Necessary, Absolutely Necessary

That which is necessary is that which is and cannot not be (quod est et non esse non potest). There are several types of necessity. First, there is logical necessity, metaphysical necessity, and physical necessity. Second, there is absolute necessity and relative, conditional, or hypothetical necessity. There is a gradation in forms of necessity, ranging from the absolute to the conditional, and the conditional can be understood as an attenuation of the absolute. God is the Absolutely Necessary Being (non esse non potest).

Nobility

It is said of what stands out for its excellence. And precisely because it stands out, it is known, admired, and esteemed.

Nothing

The problem of nothing arises from the denial of being. What we have is being, and only when it is denied do we get nothing. It is generally accepted as a principle of reason that “nothing comes from nothing” (ex nihilo nihil fit). With the advent of creationist thought, such as Christian thought, the problem of nothing is reformulated, because there is a creator God who created the world from nothing. Nothingness has no power or efficacy, because it is nothing but a concept, which in no way limits divine creative power.

P

Proof

Reasoning that, starting from true premises, reaches a true conclusion.

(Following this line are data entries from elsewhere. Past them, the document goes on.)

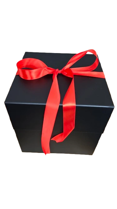 Całość zapakowana w stylowe pudełko zamykane na magnes, ozdobione efektowną czerwoną kokardą. Wymiary boxa 30 x 30 x 30 cm pozwoliły zmieścić aż 18 osobnych pudełek niespodzianek.
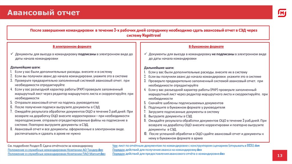После завершения командировки в течение 3-х рабочих дней сотруднику необходимо сдать авансовый отчет в СЭД черезсистему Magnittravel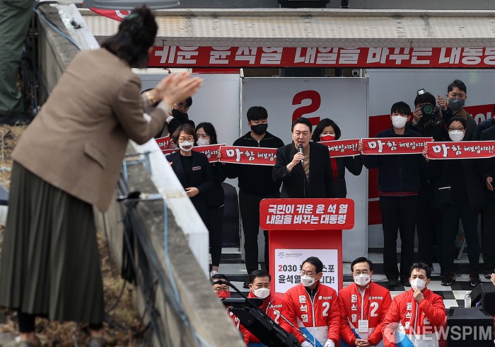 [부산=뉴스핌] 최상수 기자 = 윤석열 국민의힘 대선 후보가 4일 오전 부산 북구 구포시장 인근에서 열린 유세에서 지지를 호소하고 있다. 2022.03.04 kilroy023@newspim.com

Proof is based on a search for the causes for which a thing is what it is. There are different types of demonstration: propter quid demonstrations, which start from self-evident principles and give the proper and complete reason for a thing, and quia demonstrations, which are not based on self-evident principles or do not provide an adequate reason.

W

Well (Good)

See “Good”

World, World of Sense

For Christians, it is the set of all created things. It coincides with the tangible world, with the exception of angelic beings. The characteristics of the sensible world include motion, finitude, and contingency.